BEGIN

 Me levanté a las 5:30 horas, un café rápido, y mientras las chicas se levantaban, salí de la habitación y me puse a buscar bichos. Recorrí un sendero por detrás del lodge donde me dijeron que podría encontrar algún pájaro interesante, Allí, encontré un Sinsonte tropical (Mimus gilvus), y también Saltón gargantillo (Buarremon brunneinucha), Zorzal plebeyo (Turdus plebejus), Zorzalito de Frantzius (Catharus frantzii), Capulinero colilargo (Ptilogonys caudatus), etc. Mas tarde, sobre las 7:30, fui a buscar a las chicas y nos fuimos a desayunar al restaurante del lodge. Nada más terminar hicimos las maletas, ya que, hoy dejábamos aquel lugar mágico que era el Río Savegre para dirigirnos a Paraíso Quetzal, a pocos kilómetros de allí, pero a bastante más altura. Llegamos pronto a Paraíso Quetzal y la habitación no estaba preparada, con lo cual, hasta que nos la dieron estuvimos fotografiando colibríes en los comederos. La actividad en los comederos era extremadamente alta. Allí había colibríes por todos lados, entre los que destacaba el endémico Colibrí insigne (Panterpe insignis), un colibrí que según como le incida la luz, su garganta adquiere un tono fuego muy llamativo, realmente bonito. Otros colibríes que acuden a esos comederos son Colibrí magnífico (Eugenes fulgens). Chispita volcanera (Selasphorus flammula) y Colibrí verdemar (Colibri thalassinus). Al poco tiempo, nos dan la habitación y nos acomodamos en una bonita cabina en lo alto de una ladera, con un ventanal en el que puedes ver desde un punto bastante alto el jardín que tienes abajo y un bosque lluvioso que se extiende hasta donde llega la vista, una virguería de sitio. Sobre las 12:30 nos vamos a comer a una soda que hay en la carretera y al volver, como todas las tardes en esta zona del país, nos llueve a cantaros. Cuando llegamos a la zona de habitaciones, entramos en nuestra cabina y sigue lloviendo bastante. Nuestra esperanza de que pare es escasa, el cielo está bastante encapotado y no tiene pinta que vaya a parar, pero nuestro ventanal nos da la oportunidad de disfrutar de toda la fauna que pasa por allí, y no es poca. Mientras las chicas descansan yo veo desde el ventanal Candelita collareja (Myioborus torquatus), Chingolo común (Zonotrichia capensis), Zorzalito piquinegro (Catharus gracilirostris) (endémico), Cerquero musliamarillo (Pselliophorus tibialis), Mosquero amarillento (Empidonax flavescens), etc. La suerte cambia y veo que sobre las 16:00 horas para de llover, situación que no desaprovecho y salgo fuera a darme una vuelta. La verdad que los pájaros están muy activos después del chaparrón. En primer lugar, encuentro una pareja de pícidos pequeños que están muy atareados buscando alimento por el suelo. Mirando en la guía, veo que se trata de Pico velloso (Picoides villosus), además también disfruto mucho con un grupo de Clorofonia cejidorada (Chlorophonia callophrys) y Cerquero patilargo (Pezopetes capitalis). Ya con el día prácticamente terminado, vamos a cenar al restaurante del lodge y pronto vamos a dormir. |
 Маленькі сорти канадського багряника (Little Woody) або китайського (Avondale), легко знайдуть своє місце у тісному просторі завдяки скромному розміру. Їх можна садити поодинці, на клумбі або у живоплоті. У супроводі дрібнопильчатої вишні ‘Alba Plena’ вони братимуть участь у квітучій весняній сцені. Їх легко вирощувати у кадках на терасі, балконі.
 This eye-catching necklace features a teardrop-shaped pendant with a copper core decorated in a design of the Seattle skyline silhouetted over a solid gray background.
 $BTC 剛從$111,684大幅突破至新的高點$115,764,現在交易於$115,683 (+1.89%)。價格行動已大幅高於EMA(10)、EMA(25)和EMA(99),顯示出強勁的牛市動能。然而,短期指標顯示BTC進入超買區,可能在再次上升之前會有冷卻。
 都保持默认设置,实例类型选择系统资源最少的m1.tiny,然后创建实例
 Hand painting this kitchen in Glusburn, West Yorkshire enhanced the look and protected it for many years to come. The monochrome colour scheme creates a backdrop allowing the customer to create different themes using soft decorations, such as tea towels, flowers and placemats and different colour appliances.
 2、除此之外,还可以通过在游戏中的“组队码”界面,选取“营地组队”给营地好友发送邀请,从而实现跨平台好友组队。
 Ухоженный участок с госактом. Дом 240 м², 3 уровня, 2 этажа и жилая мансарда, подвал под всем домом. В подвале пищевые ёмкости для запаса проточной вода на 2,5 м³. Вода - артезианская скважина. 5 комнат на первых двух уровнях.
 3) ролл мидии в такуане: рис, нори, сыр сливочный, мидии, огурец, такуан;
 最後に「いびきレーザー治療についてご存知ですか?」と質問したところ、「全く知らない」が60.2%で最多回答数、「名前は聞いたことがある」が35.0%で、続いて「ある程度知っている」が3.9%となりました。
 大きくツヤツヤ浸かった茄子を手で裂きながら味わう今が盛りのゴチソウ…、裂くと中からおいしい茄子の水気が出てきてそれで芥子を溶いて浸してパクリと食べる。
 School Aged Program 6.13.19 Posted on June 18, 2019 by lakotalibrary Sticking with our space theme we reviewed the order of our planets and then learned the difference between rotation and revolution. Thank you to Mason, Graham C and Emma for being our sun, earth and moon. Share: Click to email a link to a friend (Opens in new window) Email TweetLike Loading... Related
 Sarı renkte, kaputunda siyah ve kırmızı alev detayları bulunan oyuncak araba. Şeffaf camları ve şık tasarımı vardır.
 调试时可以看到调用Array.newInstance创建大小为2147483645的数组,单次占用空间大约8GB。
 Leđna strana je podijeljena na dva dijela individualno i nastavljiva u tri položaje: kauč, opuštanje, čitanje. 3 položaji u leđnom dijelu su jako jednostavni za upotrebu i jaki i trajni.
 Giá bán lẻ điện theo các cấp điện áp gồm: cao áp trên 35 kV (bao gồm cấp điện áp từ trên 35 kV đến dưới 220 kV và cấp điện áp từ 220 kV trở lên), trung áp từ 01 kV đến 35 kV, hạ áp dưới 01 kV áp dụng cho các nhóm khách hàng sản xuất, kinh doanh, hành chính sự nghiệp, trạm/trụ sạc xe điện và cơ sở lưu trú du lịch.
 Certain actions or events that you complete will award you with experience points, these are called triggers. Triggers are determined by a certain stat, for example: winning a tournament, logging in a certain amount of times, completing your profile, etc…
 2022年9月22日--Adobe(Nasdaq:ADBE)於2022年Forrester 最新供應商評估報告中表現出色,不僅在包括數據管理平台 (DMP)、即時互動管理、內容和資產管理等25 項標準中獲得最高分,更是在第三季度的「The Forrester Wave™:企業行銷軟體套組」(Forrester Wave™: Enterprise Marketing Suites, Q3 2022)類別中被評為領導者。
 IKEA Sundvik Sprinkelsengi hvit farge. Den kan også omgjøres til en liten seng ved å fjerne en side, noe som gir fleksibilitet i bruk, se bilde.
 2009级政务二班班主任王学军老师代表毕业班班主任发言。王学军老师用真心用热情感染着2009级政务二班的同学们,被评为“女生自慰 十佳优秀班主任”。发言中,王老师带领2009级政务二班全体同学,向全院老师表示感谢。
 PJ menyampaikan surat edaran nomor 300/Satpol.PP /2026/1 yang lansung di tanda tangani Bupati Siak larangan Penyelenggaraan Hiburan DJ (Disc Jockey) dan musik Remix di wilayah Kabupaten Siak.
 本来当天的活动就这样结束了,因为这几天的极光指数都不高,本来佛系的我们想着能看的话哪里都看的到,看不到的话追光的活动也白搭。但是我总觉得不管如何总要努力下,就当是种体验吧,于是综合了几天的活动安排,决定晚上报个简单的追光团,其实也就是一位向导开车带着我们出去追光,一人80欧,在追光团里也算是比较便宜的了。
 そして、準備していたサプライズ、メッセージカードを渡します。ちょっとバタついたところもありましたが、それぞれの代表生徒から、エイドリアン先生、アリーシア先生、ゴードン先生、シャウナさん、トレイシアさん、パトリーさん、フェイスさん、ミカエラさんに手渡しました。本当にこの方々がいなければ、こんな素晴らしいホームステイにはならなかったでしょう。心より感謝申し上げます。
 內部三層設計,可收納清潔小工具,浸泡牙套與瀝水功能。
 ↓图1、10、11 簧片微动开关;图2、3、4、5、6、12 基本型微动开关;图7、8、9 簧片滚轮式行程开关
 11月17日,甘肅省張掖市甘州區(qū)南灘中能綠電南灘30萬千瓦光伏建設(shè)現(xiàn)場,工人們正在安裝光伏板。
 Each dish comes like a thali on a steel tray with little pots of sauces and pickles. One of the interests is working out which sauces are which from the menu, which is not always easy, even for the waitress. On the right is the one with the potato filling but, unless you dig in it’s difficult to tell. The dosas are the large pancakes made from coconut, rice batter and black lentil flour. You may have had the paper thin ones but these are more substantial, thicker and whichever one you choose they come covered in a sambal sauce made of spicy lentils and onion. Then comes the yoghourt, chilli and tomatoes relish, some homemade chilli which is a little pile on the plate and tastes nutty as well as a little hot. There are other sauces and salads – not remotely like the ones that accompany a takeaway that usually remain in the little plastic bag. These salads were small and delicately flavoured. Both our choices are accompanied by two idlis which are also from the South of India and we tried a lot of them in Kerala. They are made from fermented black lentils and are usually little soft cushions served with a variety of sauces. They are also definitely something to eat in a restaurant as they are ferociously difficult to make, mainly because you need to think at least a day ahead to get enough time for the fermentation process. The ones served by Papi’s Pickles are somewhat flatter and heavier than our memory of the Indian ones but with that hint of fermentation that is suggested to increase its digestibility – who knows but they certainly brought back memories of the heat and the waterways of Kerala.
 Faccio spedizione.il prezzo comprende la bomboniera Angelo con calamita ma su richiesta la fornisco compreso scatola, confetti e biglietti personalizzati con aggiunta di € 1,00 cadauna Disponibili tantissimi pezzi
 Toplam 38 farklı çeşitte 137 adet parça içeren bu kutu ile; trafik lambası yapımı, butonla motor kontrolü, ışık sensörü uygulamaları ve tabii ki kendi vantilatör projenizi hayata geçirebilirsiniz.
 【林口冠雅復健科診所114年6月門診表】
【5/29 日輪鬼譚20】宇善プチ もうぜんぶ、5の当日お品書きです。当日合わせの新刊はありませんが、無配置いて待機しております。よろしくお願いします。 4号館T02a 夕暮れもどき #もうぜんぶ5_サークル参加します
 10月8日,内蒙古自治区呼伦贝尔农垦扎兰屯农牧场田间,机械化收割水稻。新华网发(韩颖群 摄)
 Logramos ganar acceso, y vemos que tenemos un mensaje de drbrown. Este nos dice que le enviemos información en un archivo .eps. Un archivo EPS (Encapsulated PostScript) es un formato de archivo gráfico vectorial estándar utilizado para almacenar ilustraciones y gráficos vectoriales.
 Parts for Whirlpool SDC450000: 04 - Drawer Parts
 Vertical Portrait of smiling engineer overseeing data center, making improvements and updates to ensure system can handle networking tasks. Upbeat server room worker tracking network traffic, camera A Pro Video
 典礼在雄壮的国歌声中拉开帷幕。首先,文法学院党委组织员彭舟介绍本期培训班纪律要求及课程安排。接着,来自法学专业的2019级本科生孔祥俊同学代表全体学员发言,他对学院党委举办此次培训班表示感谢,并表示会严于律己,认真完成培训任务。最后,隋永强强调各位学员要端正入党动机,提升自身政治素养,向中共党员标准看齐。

END

What is expected ::
Copy only this part of the entries above: the line with "本来当天的活动就这样结束了,因为这几天的", the line with "11月17日,甘肅省張掖市甘", and the lines between, all exactly as written.

Solution ::
 本来当天的活动就这样结束了,因为这几天的极光指数都不高,本来佛系的我们想着能看的话哪里都看的到,看不到的话追光的活动也白搭。但是我总觉得不管如何总要努力下,就当是种体验吧,于是综合了几天的活动安排,决定晚上报个简单的追光团,其实也就是一位向导开车带着我们出去追光,一人80欧,在追光团里也算是比较便宜的了。
 そして、準備していたサプライズ、メッセージカードを渡します。ちょっとバタついたところもありましたが、それぞれの代表生徒から、エイドリアン先生、アリーシア先生、ゴードン先生、シャウナさん、トレイシアさん、パトリーさん、フェイスさん、ミカエラさんに手渡しました。本当にこの方々がいなければ、こんな素晴らしいホームステイにはならなかったでしょう。心より感謝申し上げます。
 內部三層設計,可收納清潔小工具,浸泡牙套與瀝水功能。
 ↓图1、10、11 簧片微动开关;图2、3、4、5、6、12 基本型微动开关;图7、8、9 簧片滚轮式行程开关
 11月17日,甘肅省張掖市甘州區(qū)南灘中能綠電南灘30萬千瓦光伏建設(shè)現(xiàn)場,工人們正在安裝光伏板。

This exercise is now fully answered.